(Task description)
An exact retyping of all lines below is the answer; pictures do not belong in it.

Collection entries
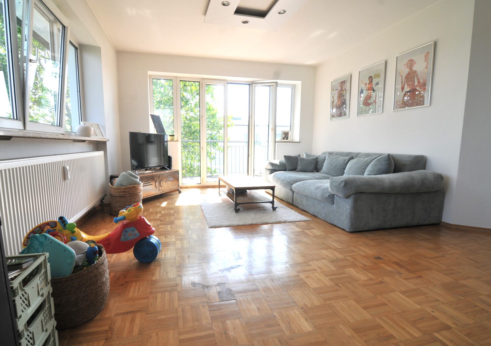 Im Wohnzimmer wurde ebenfalls Parkett verlegt wie auch in der Diele und dem Schlafzimmer. Hier ist Barfuß gehen angesagt.
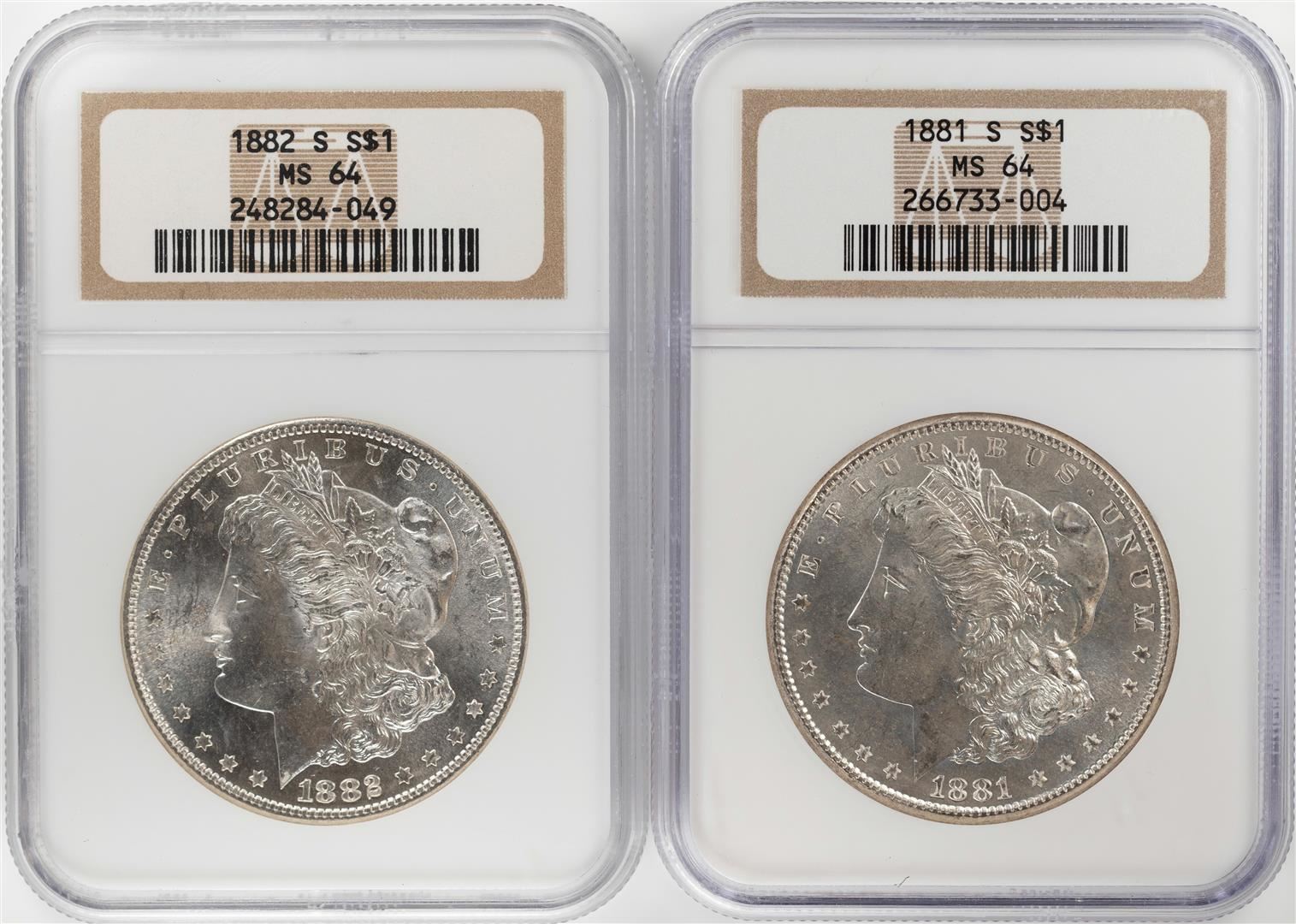 One Lot of 1881-S & 1882-S $1 Morgan Silver Dollar Coins NGC MS64. NGC Certified.
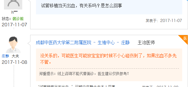 其实在网络上很多做试管婴儿的准妈妈都有相似的经历,也会发出“有没有试管移植当天出血的”和“试管移植后当天有出血怎么办”的疑问,以下就整理了一些大家的回答,如下:
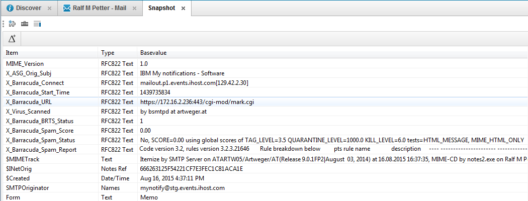 The snapshot of the current state of the mail document will be opened in a new window and is the baseline for our analysis.
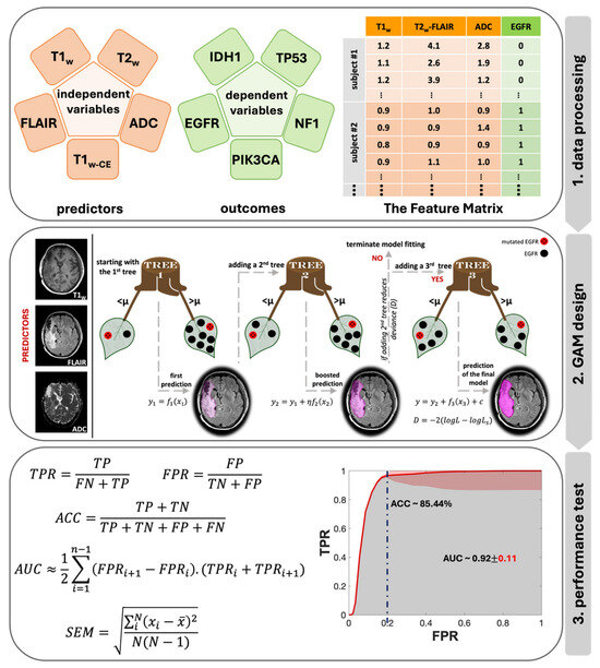 To analyze the impact of combined MR contrasts as predictors alongside each contrast separately, we prepared a total of 31 feature matrices categorized into five groups based on the number of contrasts: single, double, triple, quadruple, and quintuple (or all contrasts). Step 2 in Figure 3 provides an architectural visualization of gradient boosting in GAM as a sequential ensemble, using an example of triple contrast (T1W, T2W-FLAIR, and ADC) for predicting EGFR mutation status. The general form of a GAM can be expressed with a univariate shape function [30]:
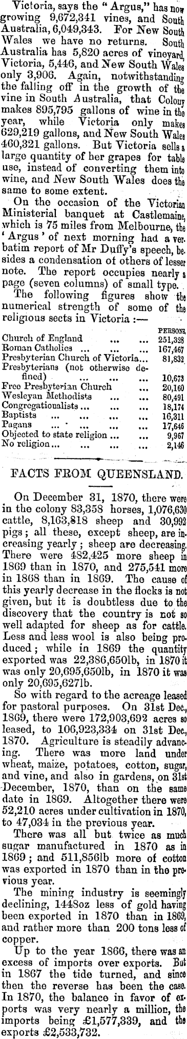 Victoria, says the " Argus," has now growing 9,672,341 vines, and South Australia, 6,049,343. For New South Wales we have no returns. South Australia has 5,820 acres of vineyard, Victoria, 5,446, and New South Wales only 3,908. Again, notwithstanding the falling off in the growth of the vine in South A ustralia, that Colony makes 895,795 gallons of wine in the year, while Victoria only makes 629,219 gallons, and New South Wales 460,321 gallons. But Victoria sells a large quantity of her grapes for table use, instead of converting them into wine, and New South Wales does the same to some extent. On the occasion of the Victorian Ministerial banquet at Castlemaine, which is 75 miles from Melbourne, the 1 Argus ' of next morning had a ver. batim report of Mr Duffy's speech, besides a condensation of others of lesser note. The report occupies nearly a page (seven columns) of small type. The following figures show the numerical strength of some of the religious sects in Victoria : PERSONS, Church of England 251,328 Boman Catholics 167,467 Presbyterian Church of Victoria... 81,832 Presbyterians (not otherwise defined) 10,673 Free Presbyterian Church ... 20,160 "Wesleyan Methodists 80,491 Congregationalists... ... ... 18,174 Baptists 16,311 Pagans ... ■ 17,646 Objected to state religion 9,967 No religion 2,146 FACTS FEOM QUEENSLAND. On December 31, 1870, there were in tho colony 83,358 horses, 1,076,630 cattle, 8,163,818 sheep and 30,992 pigs ; all these, except sheep, are increasing yearly ; sheep are decreasing, There were 482,425 more sheep in 1869 than in 1870, and 275,541 more in 1868 than in 18G9. The cause of this yearly decrease in the flocks is not given, but it is doubtless due to the discovery that the country is not so well adapted for sheep as for cattle, Less and less wool is also being produced ; while in 1869 the quantity exported was 22,386,6501b, in 1870 it was only 20,695,6501b, in 1870 it was only 20,695,6271b. So with regard to the acreage leased for pastoral purposes. On 31st Dec, 1869, there were 172,903,692 acres so leased, to 106,923,334 on 31st Dec., 1870. Agriculture is steadily advancing. There was more land under wheat, maize, potatoes, cotton, sugar, and vine, and also in gardens, on 31st December, 1870, than on the same date in 1869. Altogether there were 52,210 acres under cultivation in 1870, to 47,034 in the previous year. There was all but twice as much sugar manufactured in 1870 as in 1869 ; and 511,8561b more of cotton was exported in 1870 than in the previous year. The mining industry is seemingly declining, 14480z less of gold having been exported in 1870 than in 1869, and rather more than 200 tons less of copper. Up to the year 1866, there was an excess of imports over exports. But in 1867 the tide turned, and since then the reverse has been the case, In 1870, the balance in favor of exports was very nearly a million, the imports being £1,577,339, and the exports £2,533,732.
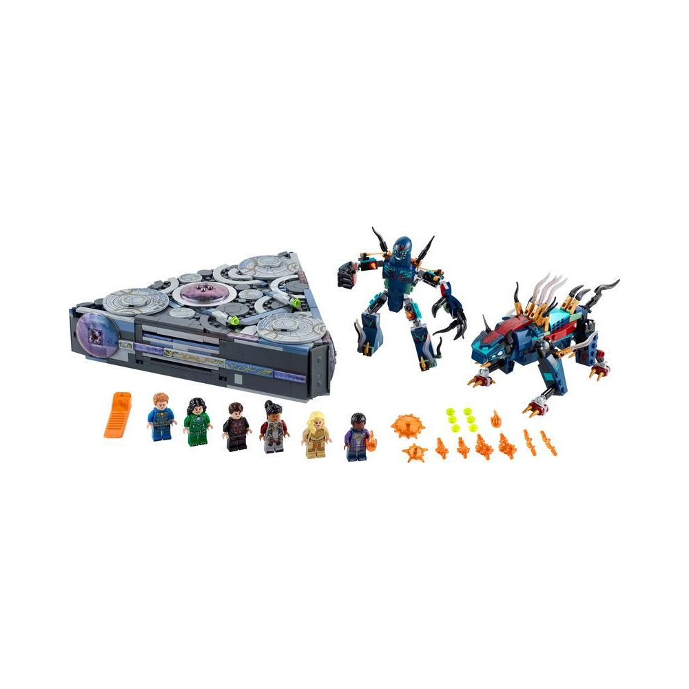 - Tartalmaz 6 minifigurát - Makkari, Ikaris, Thena, Sersi és az exkluzív Druig és Phastos -, valamint 2 Deviants akciófigurát, köztük a vezetőjüket, Kroót, az űrhajót, fegyvereket és kiegészítőket.

(Written answer)
 Im Wohnzimmer wurde ebenfalls Parkett verlegt wie auch in der Diele und dem Schlafzimmer. Hier ist Barfuß gehen angesagt.
 One Lot of 1881-S & 1882-S $1 Morgan Silver Dollar Coins NGC MS64. NGC Certified.
 其实在网络上很多做试管婴儿的准妈妈都有相似的经历,也会发出“有没有试管移植当天出血的”和“试管移植后当天有出血怎么办”的疑问,以下就整理了一些大家的回答,如下:
 The snapshot of the current state of the mail document will be opened in a new window and is the baseline for our analysis.
 To analyze the impact of combined MR contrasts as predictors alongside each contrast separately, we prepared a total of 31 feature matrices categorized into five groups based on the number of contrasts: single, double, triple, quadruple, and quintuple (or all contrasts). Step 2 in Figure 3 provides an architectural visualization of gradient boosting in GAM as a sequential ensemble, using an example of triple contrast (T1W, T2W-FLAIR, and ADC) for predicting EGFR mutation status. The general form of a GAM can be expressed with a univariate shape function [30]:
 Victoria, says the " Argus," has now growing 9,672,341 vines, and South Australia, 6,049,343. For New South Wales we have no returns. South Australia has 5,820 acres of vineyard, Victoria, 5,446, and New South Wales only 3,908. Again, notwithstanding the falling off in the growth of the vine in South A ustralia, that Colony makes 895,795 gallons of wine in the year, while Victoria only makes 629,219 gallons, and New South Wales 460,321 gallons. But Victoria sells a large quantity of her grapes for table use, instead of converting them into wine, and New South Wales does the same to some extent. On the occasion of the Victorian Ministerial banquet at Castlemaine, which is 75 miles from Melbourne, the 1 Argus ' of next morning had a ver. batim report of Mr Duffy's speech, besides a condensation of others of lesser note. The report occupies nearly a page (seven columns) of small type. The following figures show the numerical strength of some of the religious sects in Victoria : PERSONS, Church of England 251,328 Boman Catholics 167,467 Presbyterian Church of Victoria... 81,832 Presbyterians (not otherwise defined) 10,673 Free Presbyterian Church ... 20,160 "Wesleyan Methodists 80,491 Congregationalists... ... ... 18,174 Baptists 16,311 Pagans ... ■ 17,646 Objected to state religion 9,967 No religion 2,146 FACTS FEOM QUEENSLAND. On December 31, 1870, there were in tho colony 83,358 horses, 1,076,630 cattle, 8,163,818 sheep and 30,992 pigs ; all these, except sheep, are increasing yearly ; sheep are decreasing, There were 482,425 more sheep in 1869 than in 1870, and 275,541 more in 1868 than in 18G9. The cause of this yearly decrease in the flocks is not given, but it is doubtless due to the discovery that the country is not so well adapted for sheep as for cattle, Less and less wool is also being produced ; while in 1869 the quantity exported was 22,386,6501b, in 1870 it was only 20,695,6501b, in 1870 it was only 20,695,6271b. So with regard to the acreage leased for pastoral purposes. On 31st Dec, 1869, there were 172,903,692 acres so leased, to 106,923,334 on 31st Dec., 1870. Agriculture is steadily advancing. There was more land under wheat, maize, potatoes, cotton, sugar, and vine, and also in gardens, on 31st December, 1870, than on the same date in 1869. Altogether there were 52,210 acres under cultivation in 1870, to 47,034 in the previous year. There was all but twice as much sugar manufactured in 1870 as in 1869 ; and 511,8561b more of cotton was exported in 1870 than in the previous year. The mining industry is seemingly declining, 14480z less of gold having been exported in 1870 than in 1869, and rather more than 200 tons less of copper. Up to the year 1866, there was an excess of imports over exports. But in 1867 the tide turned, and since then the reverse has been the case, In 1870, the balance in favor of exports was very nearly a million, the imports being £1,577,339, and the exports £2,533,732.
 - Tartalmaz 6 minifigurát - Makkari, Ikaris, Thena, Sersi és az exkluzív Druig és Phastos -, valamint 2 Deviants akciófigurát, köztük a vezetőjüket, Kroót, az űrhajót, fegyvereket és kiegészítőket.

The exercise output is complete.